L’ouvrage est ainsi divisé en quatre parties thématiques. La première concerne les aspects linguistiques de la Septante. L’une des questions essentielles posées par les auteurs est la suivante : est-ce une œuvre littéraire dont la langue est un témoin important du grec écrit et parlé juste avant l’ère chrétienne, ou bien une traduction qui tente de refléter l’original hébreu le plus fidèlement possible ? Les auteurs invitent à répondre de manière nuancée en considérant que la LXX est un peu des deux à la fois.

La deuxième partie est consacrée à la technique de traduction et au style de la version grecque ; sont analysées quelques modifications textuelles mini-males dans le texte d’Isaïe, qui permettent au traducteur de donner une image un peu plus optimiste de Dieu et d’insister sur l’amour du Créateur envers son peuple. Ensuite est étudié le procédé de la transcription phonétique appliquée pour conserver en grec quelques indices phonétiques du texte hébraïque.
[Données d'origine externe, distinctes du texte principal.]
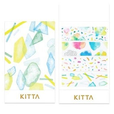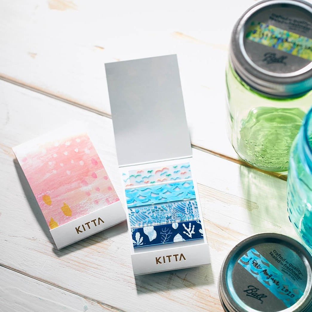 This is a new series "KITTA CLEAR" from KITTA series, handy portable planner sticker set in a beautiful package. The beautiful watercolor design is by a Japanese illustrator Keina Higashide. These are clear film stickers that can be removed and repositioned like washi tape. Each sticker is pre-cut to 5cm long of 4 different designs (10 pieces per designs). You can tuck the cover in the bottom (the white area that says KITTA) to keep it closed.
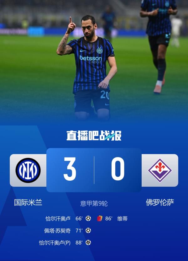 意甲-国米3-0佛罗伦萨 恰尔汗奥卢点射+双响苏契奇个人秀建功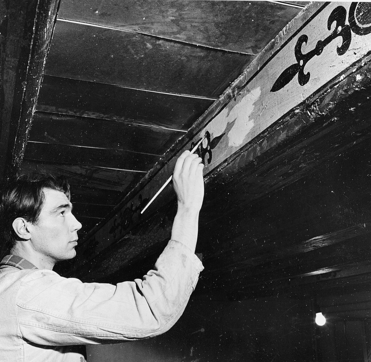 bjälklag med mål- ningar från omkring år 1640. Arbe- tet utförs här

Une dernière inter-vention insiste sur le souci du traducteur des Juges d’offrir un texte doté de sens, qui puisse être lu et compris par les lecteurs hellénistiques ; elle signale aussi que la scène de divertissement du chapitre 16 est transformée par la traduction en une scène de moquerie, de telle sorte que le héros Samson est dépeint comme la victime des Philistins.

La troisième partie concerne la critique textuelle et l’histoire du texte biblique. Les interventions mettent ici en valeur les différentes recensions des livres bibliques. La version grecque de Jérémie permet de résoudre quelques problèmes de datation des oracles ; de même l’histoire du texte scripturaire et des versions grecques présente pour Daniel l’intérêt d’éclairer le processus de composition du recueil, en particulier l’incor-poration tardive des chapitres 5-6, ainsi que l’historicisation de ce recueil, avec l’ajout des noms des rois ; enfin, on montre comment les différents états rédactionnels d’Aggée doivent être perçus comme autant de traces anciennes du développement littéraire du texte hébreu.

La dernière partie est consacrée à la réception de la Bible grecque dans le judaïsme et le christianisme anciens à travers trois contributions, sur la prière de Manassé – une fantaisie linguistique pour chanter la miséricorde de Dieu –, sur l’interprétation patristique de quelques mots hébraïques de la LXX , et sur le Psautier, dont il nous est offert une rapide synthèse de l’histoire de la réception.

Cet ouvrage, destiné davantage à des spécialistes qu’au grand public, permet d’avoir un riche aperçu sur les différentes disciplines dont l’ancienne version grecque de la Bible nécessite la mise en œuvre, ainsi que sur les lumières qu’elle leur apporte dans les domaines suivants : linguistique, stylistique, critique textuelle, réception du texte.